Texas Tech replicated some of that magic last spring, in Adams’s first season, and the narrative felt irresistible: a Texas hoops lifer finally getting a shot to coach on one of the sport’s biggest stages. But his second year as head coach hasn’t gone nearly as smooth, with roster turnover leading to rumors of player unhappiness during a 2–10 start in Big 12 play.
Some near the program have speculated for weeks that Adams, now 66, might retire. But that talk cooled when Texas Tech pieced together a four-game winning streak that included a 74–67 victory over Texas in Lubbock. Of Tech’s thirteen Big 12 losses, five have been by 3 points or less.

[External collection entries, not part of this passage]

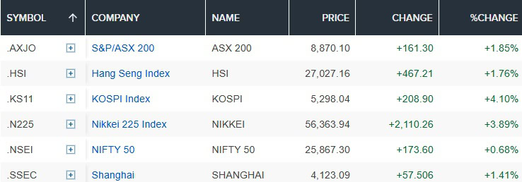 Jižní Korea (resp. její index KOSPI) posílila o více než 4 %, hongkongský Hang Seng Index přidal necelá 2 % a australský index ASX 200 vzrostl o 1,85 %.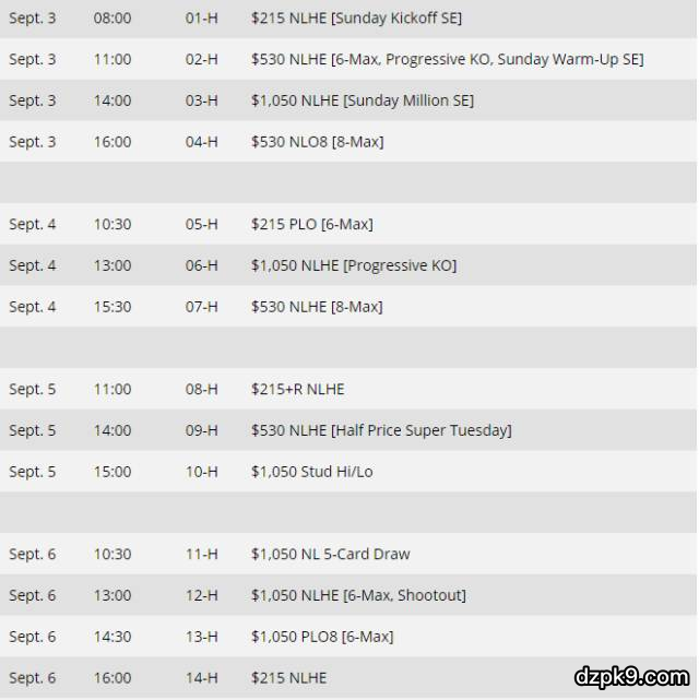 PokerStars的WCOOP全赛程计划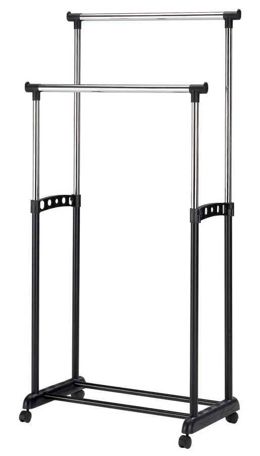 Praktický pojízdný věšák na oděvy, který se hodí do předsíně i do ložnice a díky kolečkům je manipulace snadná. Jeho kovová konstrukce v kombinaci s chromovanou povrchovou úpravou a černou barvou dodává moderní vzhled a zaručuje dlouhou životnost.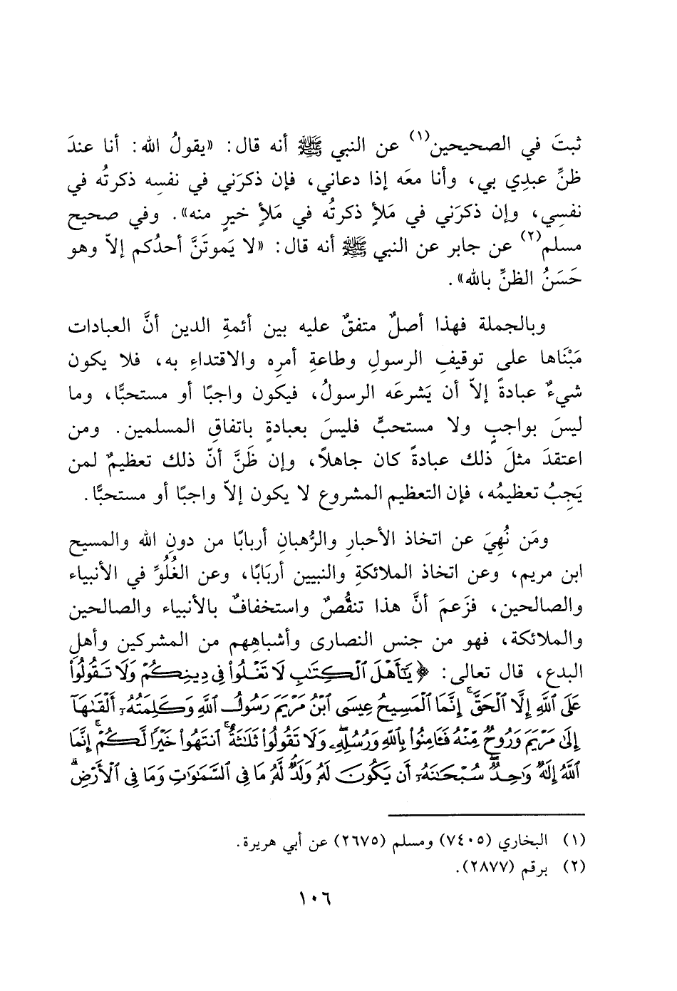 ومَن نُهِيَ عن اتخاذ الأحبارِ والرُّهبانِ أربابًا من دونِ الله والمسيح ابن مريم، وعن اتخاذ الملائكةِ والنبيين أربَابًا، وعن الغُلُوِّ في الأنبياء والصالحين، فزَعمَ أنَّ هذا تنقُّصٌ واستخفافٌ بالأنبياء والصالحين والملائكة، فهو من جنس النصارى وأشباهِهم من المشركين وأهلِ البدع، قال تعالى: (يَا أَهْلَ الْكِتَابِ لَا تَغْلُوا فِي دِينِكُمْ وَلَا تَقُولُوا عَلَى اللَّهِ إِلَّا الْحَقَّ إِنَّمَا الْمَسِيحُ عِيسَى ابْنُ مَرْيَمَ رَسُولُ اللَّهِ وَكَلِمَتُهُ أَلْقَاهَا إِلَى مَرْيَمَ وَرُوحٌ مِنْهُ فَآَمِنُوا بِاللَّهِ وَرُسُلِهِ وَلَا تَقُولُوا ثَلَاثَةٌ انْتَهُوا خَيْرًا لَكُمْ إِنَّمَا اللَّهُ إِلَهٌ وَاحِدٌ سُبْحَانَهُ أَنْ يَكُونَ لَهُ وَلَدٌ لَهُ مَا فِي السَّمَاوَاتِ وَمَا فِي الْأَرْضِ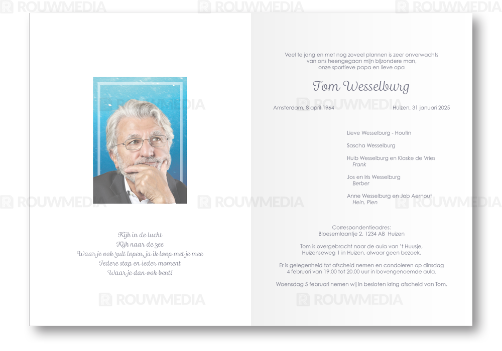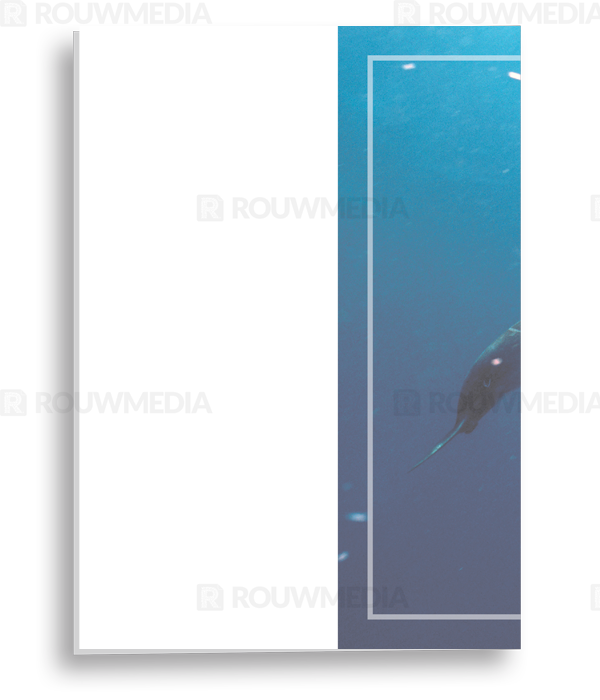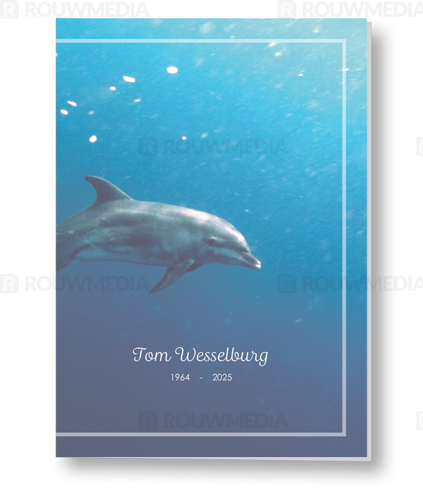 In de staande rouwkaart wordt een beeldvullende foto weergegeven van een dolfijn in de zee.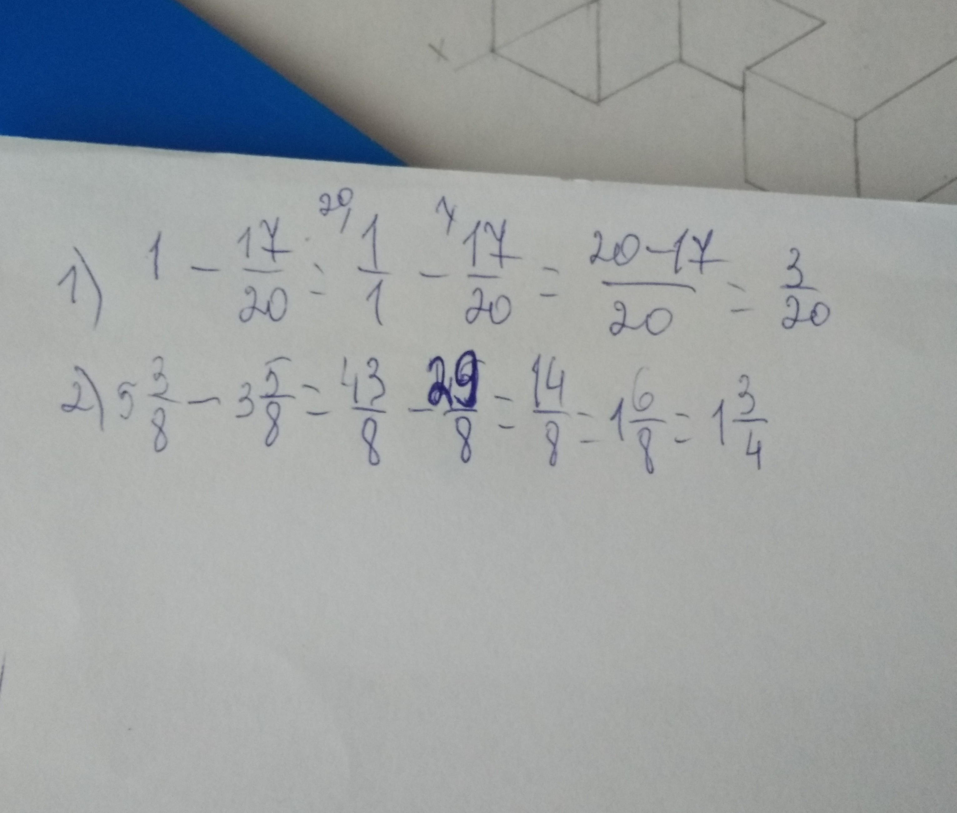 1) 1 -17/20= 20/20-17/20=3/20
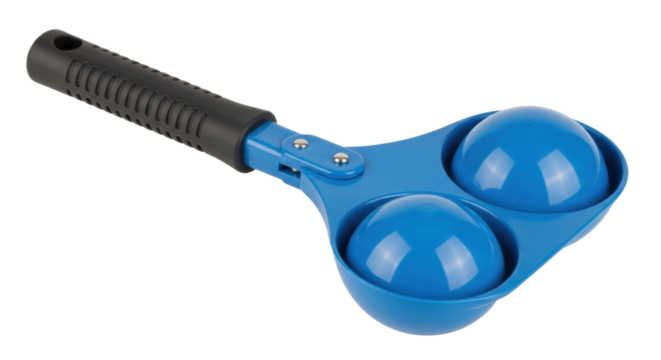 Blue plastic ball shaper for perfectly round ice cream scoops with black handle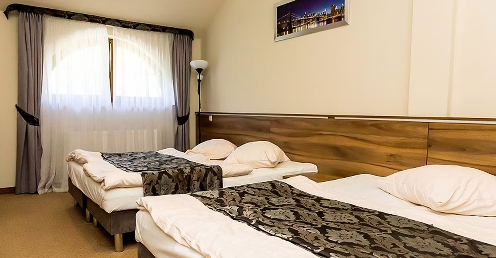 W cenie otrzymasz noclegi w komfortowo urządzonym pokoju oraz all inclusive: codzienne śniadania, obiady i kolacje oraz open bar (w godzinach13:00 – 20:00). W pakiecie dostaniesz również nielimitowany dostęp do basenu wewnętrznego, jacuzzi, brodzika dla dzieci, sauny suchej i łaźni parowej, godzinę gry w kręgle, przejazd kolejką turystyczną, bezpłatny parking oraz Internet WiFi.

Adams’s old boss, Beard, had been fired by the time the Longhorns played in Lubbock, in the wake of a December arrest for felony domestic violence charges. The charges were ultimately dropped by the Travis County district attorney, but University of Texas officials had already dismissed Beard, believing they had enough evidence to sever their relationship with the coach.
Now Adams’s career also hangs in the balance. Texas Tech’s 2022 tournament run suddenly seems like very old news, the Red Raiders basketball program faces long-term damage to its reputation, and the man who became the feel-good coaching story of last season might be leaving Lubbock in disgrace.